Table 4: Percent error rate comparison with GAN-based approaches on CIFAR-10 over 5 runs. “*” indicates our re-implementation of the method. “CC” is short for our proposed composite consistency.

Models	SVHN
Models	$n_{l}=500$	$n_{l}=1,000$
semi-GAN (Salimans et al. 2016)	18.44 $\pm$ 4.80	8.11 $\pm$ 1.30
Bad GAN (Dai et al. 2017)	-	7.42 $\pm$ 0.65
CLS-GAN (Qi 2019)	-	5.98 $\pm$ 0.27
Triple-GAN (Chongxuan et al. 2017)	-	5.77 $\pm$ 0.17
Local GAN (Qi et al. 2018)	5.48 $\pm$ 0.29	4.73 $\pm$ 0.29
ALI (Dumoulin et al. 2016)	-	7.41 $\pm$ 0.65
Manifold Regularization (Lecouat et al. 2018)	5.67 $\pm$ 0.11	4.63 $\pm$ 0.11
semi-GAN*	6.66 $\pm$ 0.58	5.36 $\pm$ 0.31
semi-GAN + CC (ours)	3.79 $\pm$ 0.23	3.64 $\pm$ 0.08

Table 5: Percent error rate comparison with GAN-based approaches on SVHN over 5 runs. “*” indicates our re-implementation of the method. “CC” is short for our proposed composite consistency.

Results and Visualization

Following the standard evaluation criteria used in the GAN-based approaches (Salimans et al. 2016; Dumoulin et al. 2016; Chongxuan et al. 2017; Qi et al. 2018; Dumoulin et al. 2016), we trained these models on SVHN training data with 500 and 1,000 randomly labeled images respectively and evaluated the model classification performance on the corresponding test dataset. For CIFAR-10, we trained the models on training data with 1,000, 2,000, and 4,000 randomly selected labeled images and then evaluated them on test data. The results are provided in Tables 4 and 5. To provide enough evidence for the comparison, we only include methods that have performance reported in multiple settings in our comparison tables. For both datasets, semi-GAN with composite consistency outperforms vanilla semi-GAN by a large margin and sets new state-of-the-art performance among GAN-based SSL approaches.
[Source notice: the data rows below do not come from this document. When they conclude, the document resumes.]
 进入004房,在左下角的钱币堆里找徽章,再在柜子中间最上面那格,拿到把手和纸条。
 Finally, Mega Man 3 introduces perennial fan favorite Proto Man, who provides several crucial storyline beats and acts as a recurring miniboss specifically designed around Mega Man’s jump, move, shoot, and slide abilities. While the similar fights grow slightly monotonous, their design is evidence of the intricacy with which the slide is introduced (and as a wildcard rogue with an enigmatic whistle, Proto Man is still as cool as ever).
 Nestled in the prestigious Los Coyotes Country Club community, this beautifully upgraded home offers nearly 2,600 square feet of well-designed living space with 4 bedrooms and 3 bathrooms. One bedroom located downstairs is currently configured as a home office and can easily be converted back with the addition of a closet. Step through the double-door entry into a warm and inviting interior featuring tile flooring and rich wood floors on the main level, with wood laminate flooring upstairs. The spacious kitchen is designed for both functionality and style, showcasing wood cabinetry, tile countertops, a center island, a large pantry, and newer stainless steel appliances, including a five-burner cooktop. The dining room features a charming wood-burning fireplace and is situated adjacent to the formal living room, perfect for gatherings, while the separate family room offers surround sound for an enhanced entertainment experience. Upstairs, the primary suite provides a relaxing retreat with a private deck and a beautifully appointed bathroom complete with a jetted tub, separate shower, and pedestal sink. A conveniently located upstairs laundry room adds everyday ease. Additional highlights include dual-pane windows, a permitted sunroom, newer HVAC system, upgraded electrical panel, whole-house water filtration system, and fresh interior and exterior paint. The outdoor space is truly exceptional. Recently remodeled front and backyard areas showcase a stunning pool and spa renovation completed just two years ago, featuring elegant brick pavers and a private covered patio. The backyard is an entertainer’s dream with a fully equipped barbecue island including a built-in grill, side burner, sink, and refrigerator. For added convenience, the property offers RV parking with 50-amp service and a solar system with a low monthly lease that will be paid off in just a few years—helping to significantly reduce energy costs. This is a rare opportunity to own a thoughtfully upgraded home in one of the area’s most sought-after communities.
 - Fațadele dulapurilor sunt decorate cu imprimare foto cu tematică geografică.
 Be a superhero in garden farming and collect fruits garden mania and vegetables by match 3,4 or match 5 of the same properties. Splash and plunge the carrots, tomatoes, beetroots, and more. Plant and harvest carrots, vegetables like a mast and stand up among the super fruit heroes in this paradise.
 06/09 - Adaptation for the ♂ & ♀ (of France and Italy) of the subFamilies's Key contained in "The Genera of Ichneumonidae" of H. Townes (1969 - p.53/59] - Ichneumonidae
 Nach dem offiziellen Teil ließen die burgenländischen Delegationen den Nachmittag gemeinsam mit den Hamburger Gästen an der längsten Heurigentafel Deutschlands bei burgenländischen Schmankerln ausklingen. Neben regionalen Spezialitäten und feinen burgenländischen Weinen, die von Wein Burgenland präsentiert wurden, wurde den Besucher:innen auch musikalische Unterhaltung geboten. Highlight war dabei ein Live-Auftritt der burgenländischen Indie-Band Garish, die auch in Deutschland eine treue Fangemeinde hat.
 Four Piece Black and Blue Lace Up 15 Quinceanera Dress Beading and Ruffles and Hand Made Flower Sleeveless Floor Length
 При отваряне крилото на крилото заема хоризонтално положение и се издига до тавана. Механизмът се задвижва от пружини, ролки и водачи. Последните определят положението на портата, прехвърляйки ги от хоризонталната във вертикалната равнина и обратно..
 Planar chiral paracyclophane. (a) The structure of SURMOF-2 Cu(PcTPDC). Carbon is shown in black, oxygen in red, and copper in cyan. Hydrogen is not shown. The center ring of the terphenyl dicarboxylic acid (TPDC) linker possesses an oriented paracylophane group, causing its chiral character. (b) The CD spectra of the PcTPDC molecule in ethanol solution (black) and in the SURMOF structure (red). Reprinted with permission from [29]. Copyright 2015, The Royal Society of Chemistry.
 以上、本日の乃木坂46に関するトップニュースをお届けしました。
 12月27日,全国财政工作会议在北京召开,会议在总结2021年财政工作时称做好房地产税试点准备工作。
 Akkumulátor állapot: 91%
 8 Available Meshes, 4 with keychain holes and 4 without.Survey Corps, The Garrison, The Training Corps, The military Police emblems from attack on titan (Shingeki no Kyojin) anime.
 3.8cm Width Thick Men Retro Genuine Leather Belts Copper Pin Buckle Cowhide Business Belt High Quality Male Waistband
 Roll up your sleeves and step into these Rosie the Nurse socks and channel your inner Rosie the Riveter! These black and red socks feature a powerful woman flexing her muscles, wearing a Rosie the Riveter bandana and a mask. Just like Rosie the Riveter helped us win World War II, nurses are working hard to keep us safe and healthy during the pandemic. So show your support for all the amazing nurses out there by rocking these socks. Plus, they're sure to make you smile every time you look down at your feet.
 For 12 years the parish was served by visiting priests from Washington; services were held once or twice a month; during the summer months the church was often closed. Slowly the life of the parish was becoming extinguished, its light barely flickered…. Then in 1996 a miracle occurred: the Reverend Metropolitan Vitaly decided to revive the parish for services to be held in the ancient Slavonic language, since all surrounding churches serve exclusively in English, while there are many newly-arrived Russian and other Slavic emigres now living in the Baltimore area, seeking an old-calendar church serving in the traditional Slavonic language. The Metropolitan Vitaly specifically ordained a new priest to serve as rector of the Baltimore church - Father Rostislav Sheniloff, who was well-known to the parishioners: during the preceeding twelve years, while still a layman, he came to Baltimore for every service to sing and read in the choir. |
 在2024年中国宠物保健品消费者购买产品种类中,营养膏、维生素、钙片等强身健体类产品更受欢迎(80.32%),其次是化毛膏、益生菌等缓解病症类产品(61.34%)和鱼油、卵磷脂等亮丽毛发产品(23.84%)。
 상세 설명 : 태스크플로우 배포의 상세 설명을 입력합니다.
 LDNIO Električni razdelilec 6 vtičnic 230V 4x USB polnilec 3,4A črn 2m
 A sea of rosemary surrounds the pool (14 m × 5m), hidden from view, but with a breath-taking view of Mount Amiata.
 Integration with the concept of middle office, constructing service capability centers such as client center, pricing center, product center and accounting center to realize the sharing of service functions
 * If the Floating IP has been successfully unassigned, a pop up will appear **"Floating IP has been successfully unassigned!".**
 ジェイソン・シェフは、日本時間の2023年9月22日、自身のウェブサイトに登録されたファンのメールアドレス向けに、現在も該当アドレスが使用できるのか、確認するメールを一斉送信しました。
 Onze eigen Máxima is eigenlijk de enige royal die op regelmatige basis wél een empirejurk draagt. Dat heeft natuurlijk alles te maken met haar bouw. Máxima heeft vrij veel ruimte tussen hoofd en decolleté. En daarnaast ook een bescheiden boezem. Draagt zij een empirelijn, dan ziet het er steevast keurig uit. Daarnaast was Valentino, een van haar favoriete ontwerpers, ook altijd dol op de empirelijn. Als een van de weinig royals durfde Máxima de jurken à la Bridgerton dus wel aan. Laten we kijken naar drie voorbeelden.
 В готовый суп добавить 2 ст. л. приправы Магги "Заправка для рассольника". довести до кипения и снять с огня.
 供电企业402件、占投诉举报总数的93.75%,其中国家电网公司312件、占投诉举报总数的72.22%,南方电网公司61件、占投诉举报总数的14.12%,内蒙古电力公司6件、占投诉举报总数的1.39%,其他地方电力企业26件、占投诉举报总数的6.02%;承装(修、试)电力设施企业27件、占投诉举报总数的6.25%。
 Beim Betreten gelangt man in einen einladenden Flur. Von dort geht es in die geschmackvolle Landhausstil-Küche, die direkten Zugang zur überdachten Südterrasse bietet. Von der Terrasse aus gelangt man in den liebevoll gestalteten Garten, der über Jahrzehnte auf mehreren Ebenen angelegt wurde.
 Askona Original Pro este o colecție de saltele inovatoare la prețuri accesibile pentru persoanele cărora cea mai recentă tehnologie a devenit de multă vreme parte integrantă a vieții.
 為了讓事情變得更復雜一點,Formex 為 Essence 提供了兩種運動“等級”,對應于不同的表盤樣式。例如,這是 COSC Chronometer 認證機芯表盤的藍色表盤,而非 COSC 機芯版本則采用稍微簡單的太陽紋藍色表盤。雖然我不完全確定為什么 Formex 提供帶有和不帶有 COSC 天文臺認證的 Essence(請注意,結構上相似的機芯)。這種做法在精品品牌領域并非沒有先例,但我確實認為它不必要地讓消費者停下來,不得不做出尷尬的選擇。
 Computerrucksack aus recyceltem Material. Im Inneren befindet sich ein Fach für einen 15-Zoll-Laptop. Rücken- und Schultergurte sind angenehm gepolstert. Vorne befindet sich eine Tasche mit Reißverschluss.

Note that we could not preform a direct comparison between our approach with non-GAN-based SSL approaches due to the differences in network architecture. However, as a sanity check we have experimented with the CNN-13 architecture adopted in the recent consistency-based SSL approaches (Laine and Aila 2016; Tarvainen and Valpola 2017; Miyato et al. 2018; Verma et al. 2019) as our discriminator, but encountered mode collapse issue (Goodfellow et al. 2014) during training in multiple trials. We suspect that this is due to the discriminator being easily dominated by the generator in this setting.

We also produced visualizations (see Figure 5) with the learned feature embeddings of semi-GAN model and semi-GAN + CC on both CIFAR-10 and SVHN test datasets using t-SNE (Maaten and Hinton 2008). We trained models on CIFAR-10 with 4,000 labeled images and SVHN with 1,000 labeled images respectively, and projected the feature embeddings ( $\mathbf{f}(\mathbf{x})\in\mathbb{R}^{128}$ ) into 2-D space using t-SNE, where the feature embeddings are obtained from the layer right before final FC + softmax layer. From the figure, observe that the feature embeddings of our semi-GAN + CC model are more concentrated within each class and the classes are more separable in both CIFAR-10 and SVHN test datasets, while they are more mixed in the semi-GAN model. This visualization further validates our hypothesis that the composite consistency regularization in semi-GAN improves the classification performance.

Related Work

Having already discussed consistency-based approaches, we only focus on reviewing the most relevant GAN-based SSL approaches and other categories of deep SSL approaches.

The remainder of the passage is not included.